程序员带娃有多“恐怖” ？！竟然实现了实时婴儿声音监控-程序员有人带吗

我有一阵子没更新文章了。是因为我当爹啦，必须放下手头的工作，转而处理一些尚未自动化的育儿任务。

换个角度想，这些没自动化的任务，是否可以做成自动化的呢?虽然机器人换尿布还要好几年才能实现，但是目前有一些比较简单的育儿任务可以自动化掉。
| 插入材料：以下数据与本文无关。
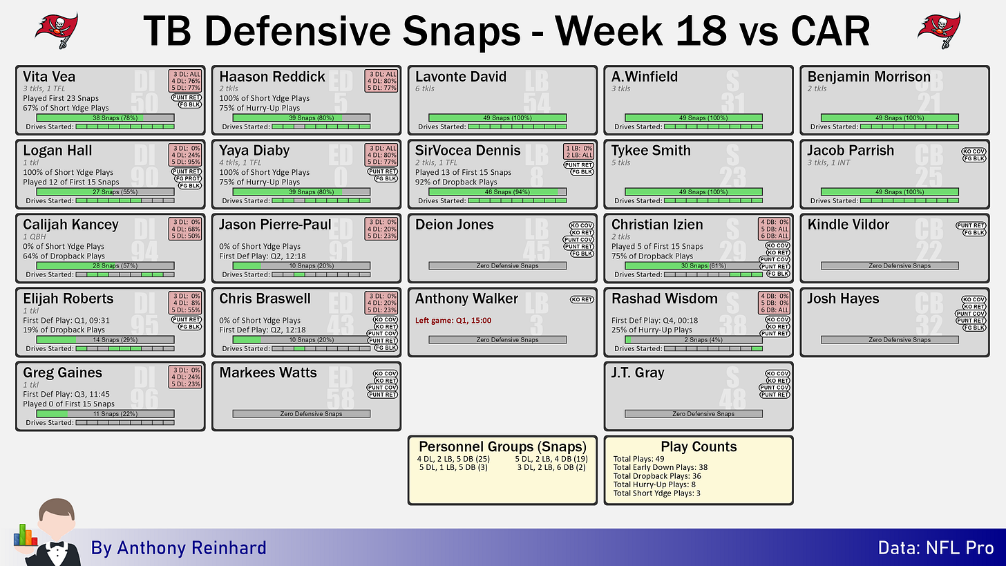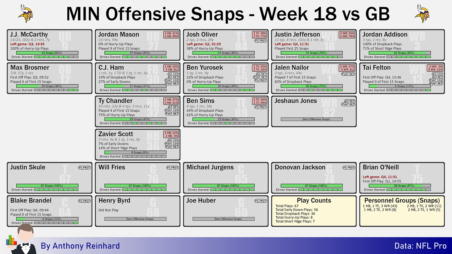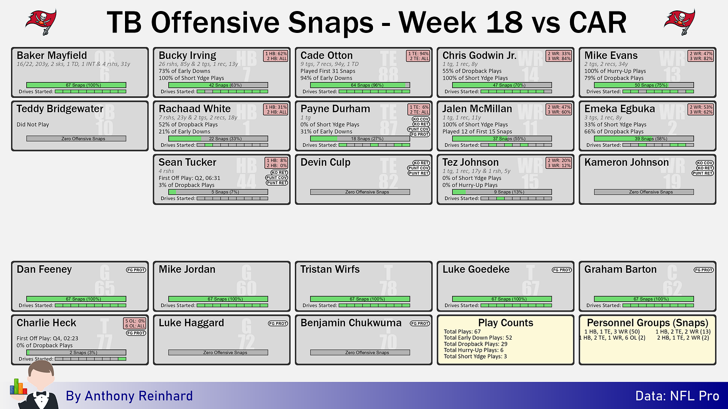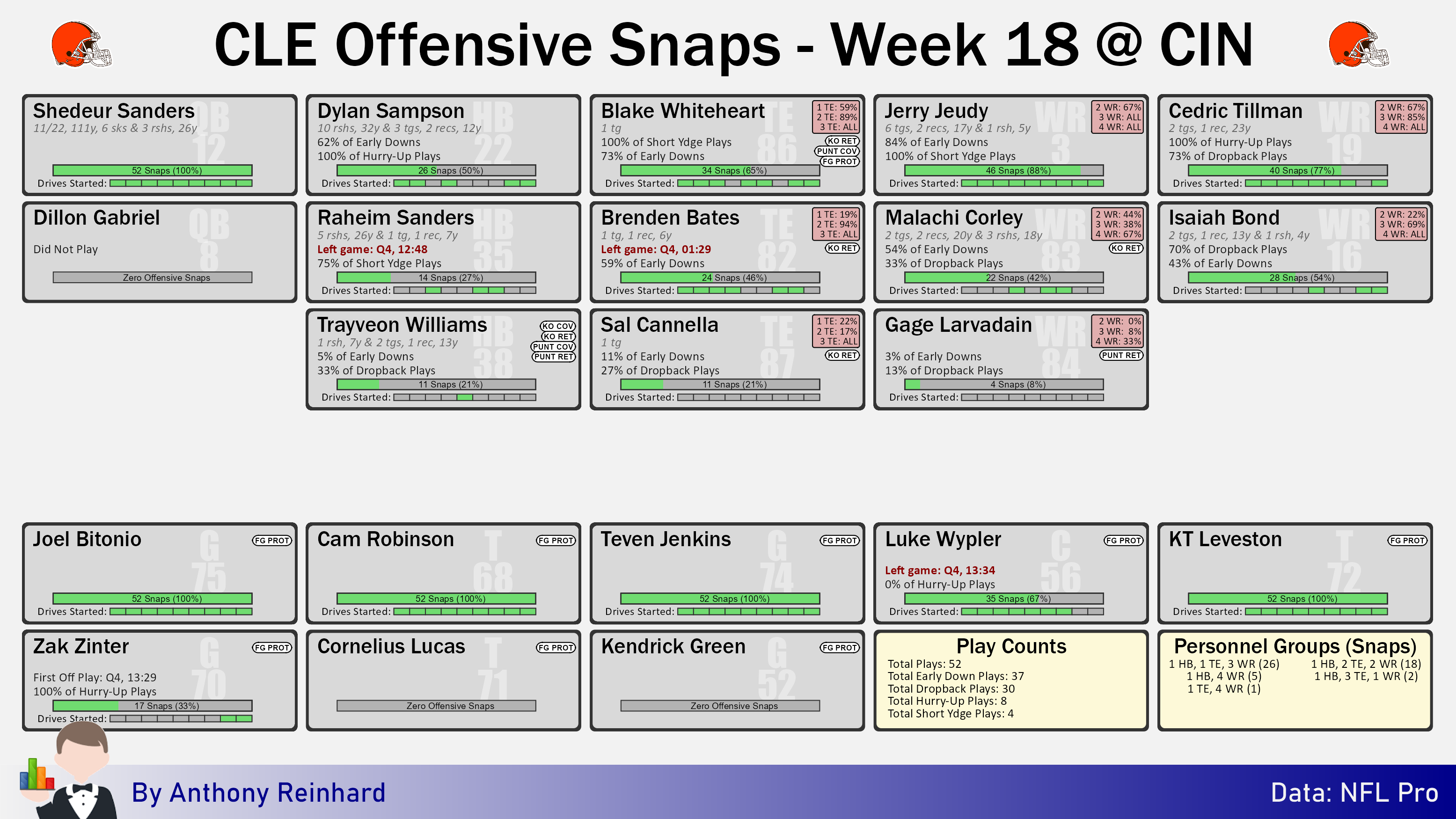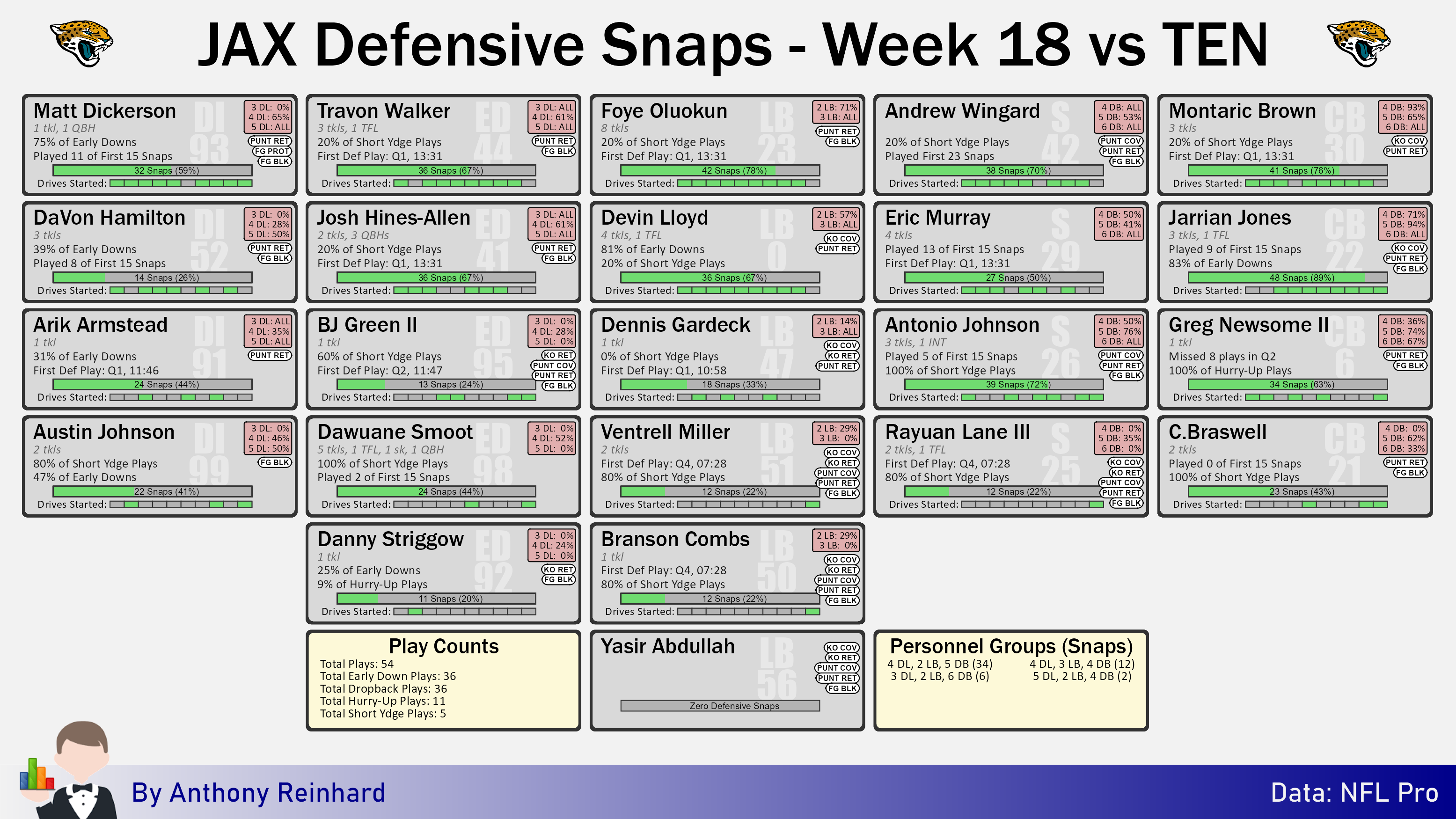 Snap Counts: Week 18Snap Count graphs for each team in Week 18Anthony ReinhardJan 05, 20261ShareCAR-TBSEA-SFNO-ATLCLE-CININD-HOUTEN-JAXGB-MINDAL-NYGNYJ-BUFDET-CHILAC-DENARI-LAKC-LVMIA-NEWAS-PHIBAL-PITSubscribePreviousNext

当了爹后我发现，宝宝真的经常哭。即使我在家里，我可能也不会总是在附近听到我儿子的哭声。商用婴儿监视器通常会填补这一空白，它们就像对讲机，即使你在其他房间也能听到宝宝的声音。但我很快意识到，商用婴儿监视器比我想要的理想设备要笨得多。它们并不能检测宝宝的哭声，只是像对讲机一样把声音从声源传到扬声器。父母在不同屋子里活动的时候必须带着扬声器，否则在其他房间就听不到声音了。商用婴儿监视器通常带有低功率的扬声器，而且还不能连接到外接扬声器 —— 这意味着如果我在另一个房间里播放音乐，就算我带着监视器，我也可能会听不到宝宝的哭声。

我理想中的婴儿监控器是这样的：

它要在廉价设备上运行，比如外接廉价 USB 麦克风的树莓派。
它要能够检测婴儿哭声，并在他开始或停止哭的时候通知我(最好通知发手机上)、或者把哭声记录到仪表盘上、或者做任何我想做的哭声监控。
它应该能够在任何设备上播放音频，比如：我自己的扬声器、智能手机、电脑等等设备。无论声源和扬声器之间有多远，都可以播放，不需要我在屋子里移动扬声器。
它还应该带有一个摄像头，这样就可以实时检查宝宝的情况。或者在宝宝开始哭时，我可以得到婴儿床的照片或短视频。

接下来我们来看看如何用开源工具处理上述需求。

录音采样

首先要搞一个树莓派跑Tensorflow模型，把Linux操作系统装到 SD 卡上，最好用树莓派3及以上的版本。另外还要一个可兼容的麦克风。

然后安装依赖：

[sudo] apt-get install ffmpeg lame libatlas-base-dev alsa-utils 
[sudo] pip3 install tensorflow

这第一步就是要录足够多的婴儿哭的音频样本，要让检测模型识别婴儿是不是在哭。

注意：在这个例子中，我将展示如何使用声音检测识别婴儿的哭声，但也可以检测其他类型的声音(比如警报声或邻居的电钻声)，前提是有足够长的时间和足够响亮的声音。

先看看能不能识别音频输入设备：

arecord -l

我的树莓派上输出如下(我装了两个 USB 麦克风)：

**** List of CAPTURE Hardware Devices **** 
card 1: Device [USB PnP Sound Device], device 0: USB Audio [USB Audio] 
  Subdevices: 0/1 
  Subdevice #0: subdevice #0 
card 2: Device_1 [USB PnP Sound Device], device 0: USB Audio [USB Audio] 
  Subdevices: 0/1 
  Subdevice #0: subdevice #0

我想用第二个麦克风card 2, device 0录音频。ALSA (Advanced Linux Sound Architecture)识别第二个麦克风的参数是hw:2,0(这个参数直接访问设备硬件)或plughw:2,0(这个是声明了采样率和格式转换插件)。确定下SD卡有足够的存储空间，或者外接外部USB存储设备。开始录制音频：

arecord -D plughw:2,0 -c 1 -f cd | lame - audio.mp3

录几分钟到几小时婴儿房间声音，最好这期间有足够长的安静、婴儿哭啼声音和其他无关声音。录好后Ctrl C结束录音。一天或者几天里重复录音几次。

给音频样本打标签

一旦录好足够多音频样本，就可以把音频复制到电脑上训练模型了。不论是用scp还是直接从SD卡或者usb设备拷贝都行。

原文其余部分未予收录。